↓

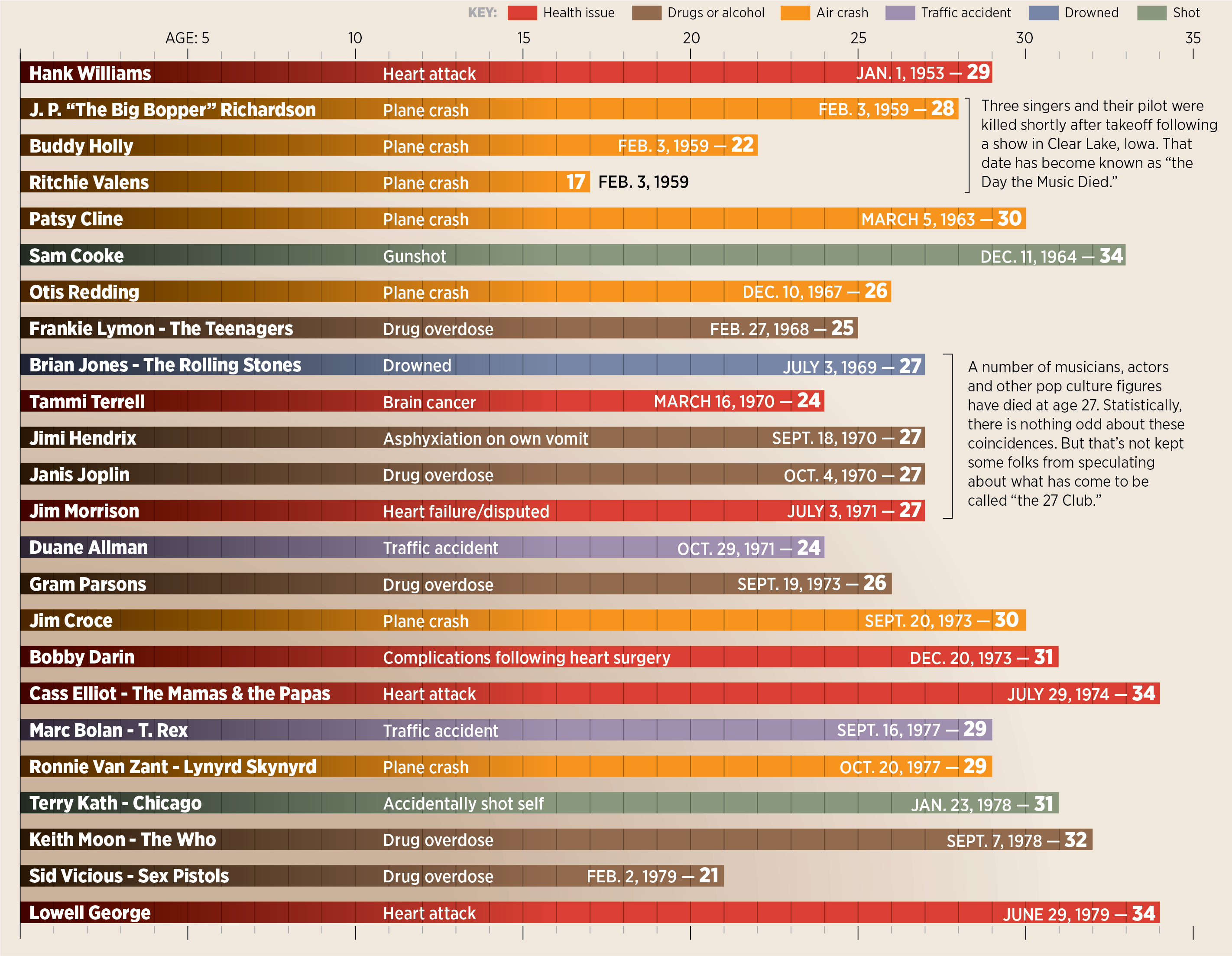 Hendrix was a huge name in the music industry in 1970, but he was by no means the first or the last big name to leave the stage before the world was ready to let them go. Here are a few others from the 1950s, 1960s and 1970s.
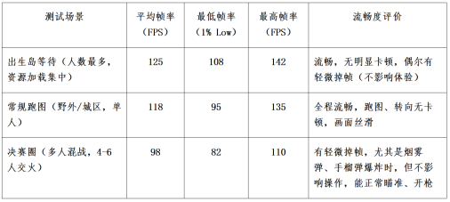 出生岛因为人数多、资源加载集中,帧率会有轻微波动,最低能到108 FPS,这是正常现象,几乎所有主机在这个场景都会出现轻微掉帧。常规跑图时,帧率稳定在118 FPS左右,跑图、转向、瞄准都非常跟手,不会因为帧率问题导致操作失误。决赛圈多人混战时,帧率会降到98 FPS左右,最低82 FPS,偶尔有轻微卡顿,但不影响核心操作,依然能正常“吃鸡”。
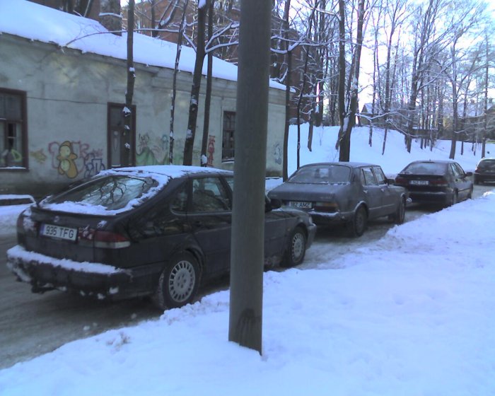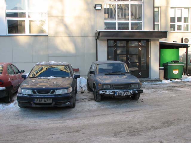 Võtan omaks, parkisin selle üsna jäätunud klassiku ette (küll Saab Saabi tunneb). Tagumine on ehk Garu oma, minust jäi ta küll Riigikohtu kõrvale parkima veel.
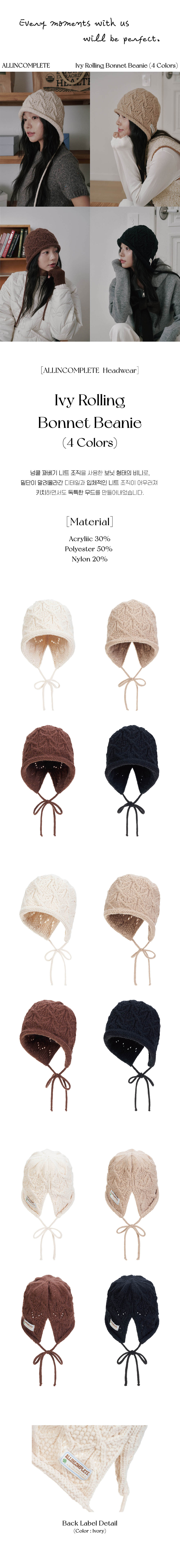올인컴플리트 아이비 롤링 보닛 비니 브라운
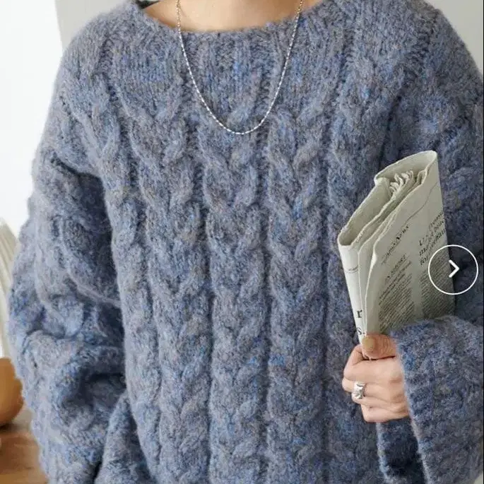 케이블 짜임 파랑 니트 스웨터 FREE 사이즈

↑

**WHAT YOU SHOULD DO:**
Copy out the data exactly and keep the pictures out.

**REPLY:**
 Hendrix was a huge name in the music industry in 1970, but he was by no means the first or the last big name to leave the stage before the world was ready to let them go. Here are a few others from the 1950s, 1960s and 1970s.
 出生岛因为人数多、资源加载集中,帧率会有轻微波动,最低能到108 FPS,这是正常现象,几乎所有主机在这个场景都会出现轻微掉帧。常规跑图时,帧率稳定在118 FPS左右,跑图、转向、瞄准都非常跟手,不会因为帧率问题导致操作失误。决赛圈多人混战时,帧率会降到98 FPS左右,最低82 FPS,偶尔有轻微卡顿,但不影响核心操作,依然能正常“吃鸡”。
 Võtan omaks, parkisin selle üsna jäätunud klassiku ette (küll Saab Saabi tunneb). Tagumine on ehk Garu oma, minust jäi ta küll Riigikohtu kõrvale parkima veel.
올인컴플리트 아이비 롤링 보닛 비니 브라운
 케이블 짜임 파랑 니트 스웨터 FREE 사이즈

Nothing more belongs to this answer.